黒線がフリードリヒが率いる皇帝軍の進路。

赤線がミラノ軍の進路。

赤丸で囲った都市が、新たに獲得した街

青丸で囲った都市と、大学のあるボローニャだけがロンバルディア同盟に残りました。

11月初め、このまま睨み合いを続けても、冬が来ると戦闘に不向きな季節になるため、フリードリヒは思い切って攻勢に出ることにしました。

ブレシアの町は、オ―リオ川によって作られた湿地帯の中の丘の上にあります。先に到着したミラノのティエポロの軍は街に近い高台の上に、陣を敷いていました。

反対にフリードリヒは、湿った湿地帯に軍を置くしかありませんでした。時が経つにつれ、フリードリヒの軍はだんだん弱って来て、士気が落ちてきました。

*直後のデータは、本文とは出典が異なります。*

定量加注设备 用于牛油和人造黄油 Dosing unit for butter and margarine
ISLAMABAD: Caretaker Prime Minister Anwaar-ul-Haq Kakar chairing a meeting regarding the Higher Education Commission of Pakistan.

11月下旬、フリードリヒは全軍にクレモナへ撤退するよう命令を出しました。しかし、これはフリードリヒの仕掛けた罠でした。クレモナへ撤退したと思わせた軍は、途中で反転して、オーリオ川を渡ったところにあるコルテヌォーヴァで、ティエポロの軍を待ち構えていました。

2015年パリオディレニャーノの歴史的パレード中のカロッチョの複製

出典 Wikipedia

1237年11月27日、フリーどりヒがクレモナに引き返したと信じたティエポロの軍は、野営地を引き払いミラノへ帰り始めました。

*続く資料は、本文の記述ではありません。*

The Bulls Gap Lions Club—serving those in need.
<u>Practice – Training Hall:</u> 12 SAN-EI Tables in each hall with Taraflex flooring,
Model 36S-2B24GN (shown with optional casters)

フリードリヒはミラノ軍全軍がオーリオ川を渡り切ったところで、総攻撃を命じました。帰り道でもあり、寒い中、川を渡った直後の軍は戦いの準備が出来ていなかっため、3000人の死者と4000千人の捕虜を出し、ミラノ軍は壊滅しました。

死者の半分以上は、逃げようとしてオーリオ川に飛び込んで溺れたものと、市のシンボルのカロッチョを守るための死んだ人たちでした。

カロッチャは、4頭の牛に曳かせた大きな荷車の上に、市のシンボルである旗と祭壇、鐘を乗せ、戦いの最中には司祭が勝利のためのお祈りをあげ、周りには戦意を盛り上げるために数人のラッパ手がラッパを吹き鳴らした居ました。

こんなもの動きが鈍い上に、敵を呼び寄せるだけなので邪魔だと思いますが、市の象徴であるカロッチョを敵に奪われまいとして、多くの人が死んでしまいました。

戦いの後、フリードリヒは奪い取ったカロッチョをローマに運び、戦勝のあかしとして展示しました。

この戦いの後、ミラノ周辺のローディ、ヴェルチェッリ、パヴィアの街が、フリードリヒ側に加わり、18あったロンバルディア同盟の都市は、5都市に減ってしまいます。